Zaloguj się do konta

Jakie jedzenie na 6-dniowy pobyt nad wodą ?

utworzono: 2012/02/20 14:01
rafal_anyszka

Witam.Wybieram się w tym roku pierwszy raz na 6 dniowy wypad nad wode. Najdłużej do tej pory nad wodą siedziałem 50 godzin. Poza konserwami i różnymi puszkami macie jeszcze jakieś ciekawe pomysły i porady? Zawsze tak jest że czegoś sie poprostu nie wie bo brak doświadczenia. Co może sie przydać. Kupiłem sobie kuchenke gazową i garnek co by czasami było coś na ciepło ale tak to nie przychodzi mi do głowy nic innego. Co nad wodą sie szybko psuje? Czego nie brać? Na co uważać? Termin to końcówka kwietnia. [2012-02-20 14:01]

Sitownik

Proszę :) http://forum.wedkuje.pl/post/co-wedkarze-jedza-na-nocnych-zasiadkach/418184/0



[2012-02-20 14:16]

zbynio5o

Temat sie już kręci jak wyżej @sitownik zauważył.

Dodam tylko że przy sześciu dniach napewno nie unikniesz wizyty w sklepie, chyba że smakuje ci czerstwe pieczywo i ciepłe piwo :))

[2012-02-20 14:17]

rafal_anyszka

Problem w tym ze najprawdopodobniej będę sam nad wodą a sprzetu nie zostawie bez opieki. Zadałem takie pytanie na forum właśnie dlatego. Na jedną nocke doskonale wiem co ze sobą zabrać do picia i do jedzenia. Pieczywo też nie jest problemem bo może być tostowy badź razowy który spokojnie bedzie świeży jak rozpakuje po 5 dniach. Piwo ciepłe też nie bedzie bo woda w kwietniu nie jest jeszcze gorąca i spokojnie można wrzucić piwa do siatki i do wody. Pomijam już fakt że czasem w kwietniu jeszcze pada śnieg i też nie jest w nocy najcieplej tak wiec w nocy mam lodówkę wszedzie a za dnia wystarczy zacienione miejsce na ziemi która po zimie nie jest jeszcze nagrzana.
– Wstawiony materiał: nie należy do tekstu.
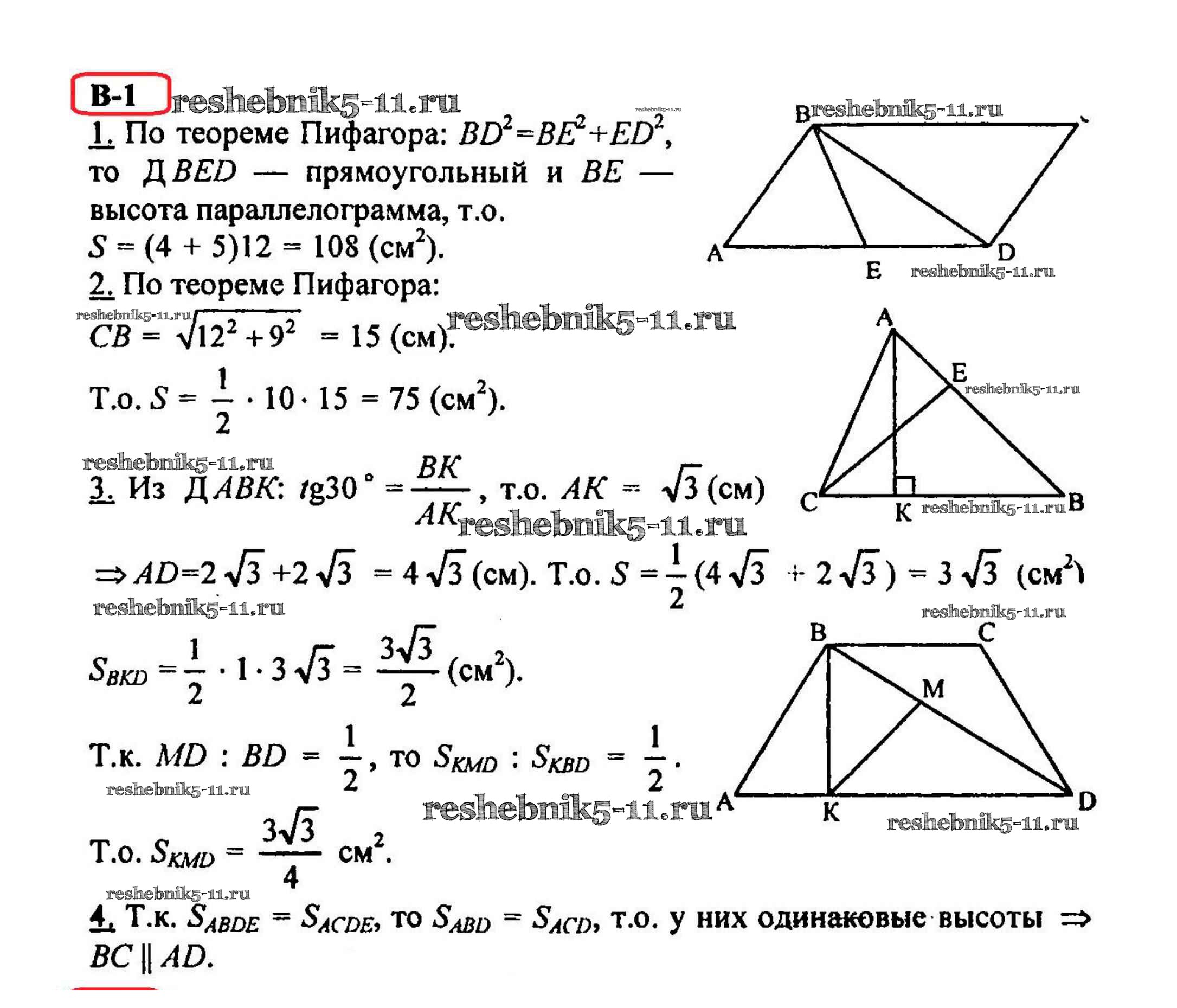 Готовая домашняя работа с ответами по Геометрии за 8 класс Зив, Мейлер Дидактические материалы Просвещение 2016 ФГОС - КР-2 Вариант 1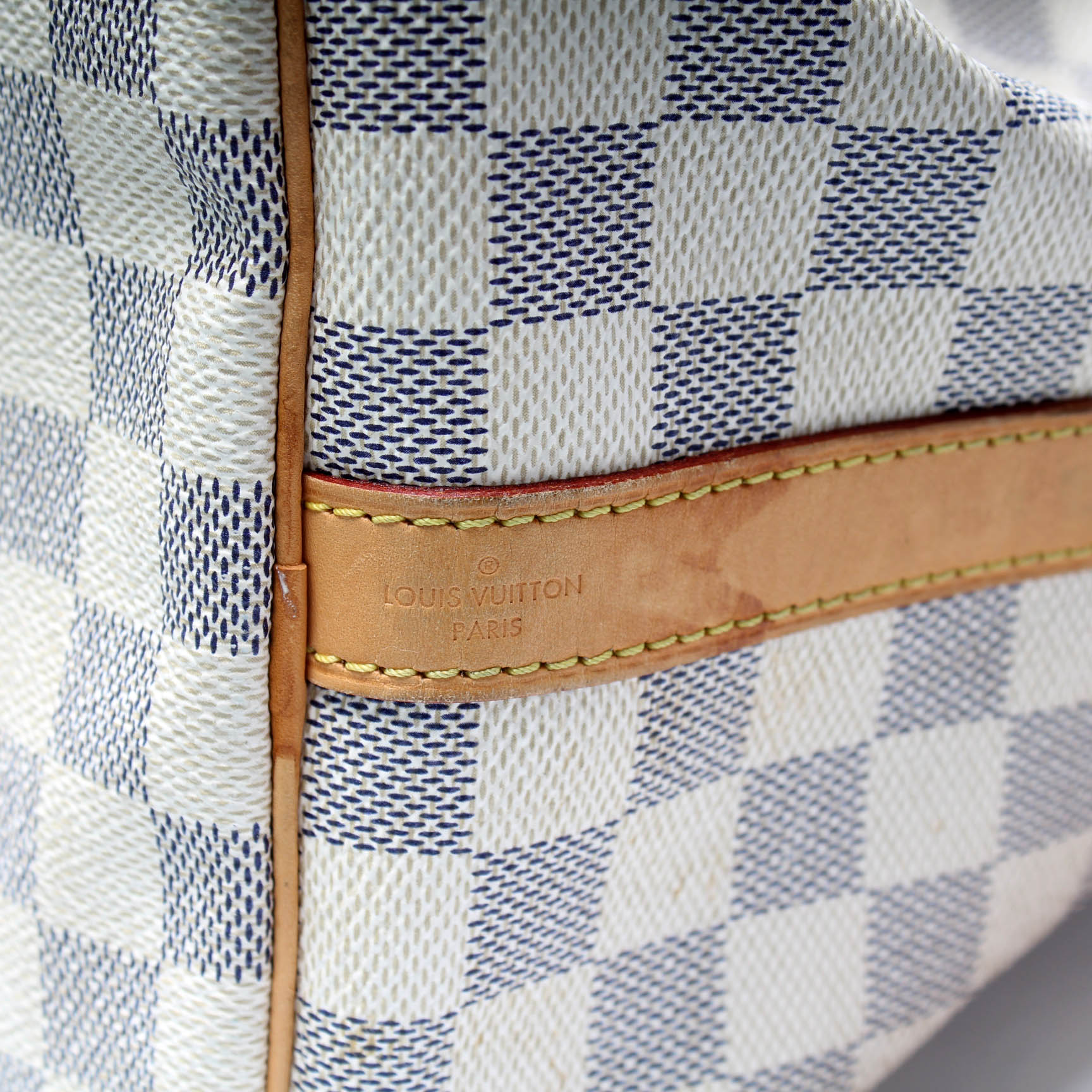 Handle: The leather handles have minor discoloration.

Pytam wiec jeszcze raz na jakie niespodzianki moge trafić po np 3 dniach? [2012-02-20 16:15]

Sitownik

I widzisz? Sam odpowiedziałeś sobie na pytanie :) Spleśniałe mięso, jajecznica się psuje. Pieczywo które jest rozpakowane , czerstwieje . Człowieku, jesteś na pewno ode mnie starczy skoro wybierasz się na 5 dni sam na ryby. Pomyśl logicznie. :) 

[2012-02-20 18:13]

withanight88

Problem w tym ze najprawdopodobniej będę sam nad wodą a sprzetu nie zostawie bez opieki. 





Na takie wyprawy nie jeździ się samemu bo można źle skończyć . Zawsze może przytrafić się coś nie spodziewanego i nikt Ci wtedy nie pomoże . 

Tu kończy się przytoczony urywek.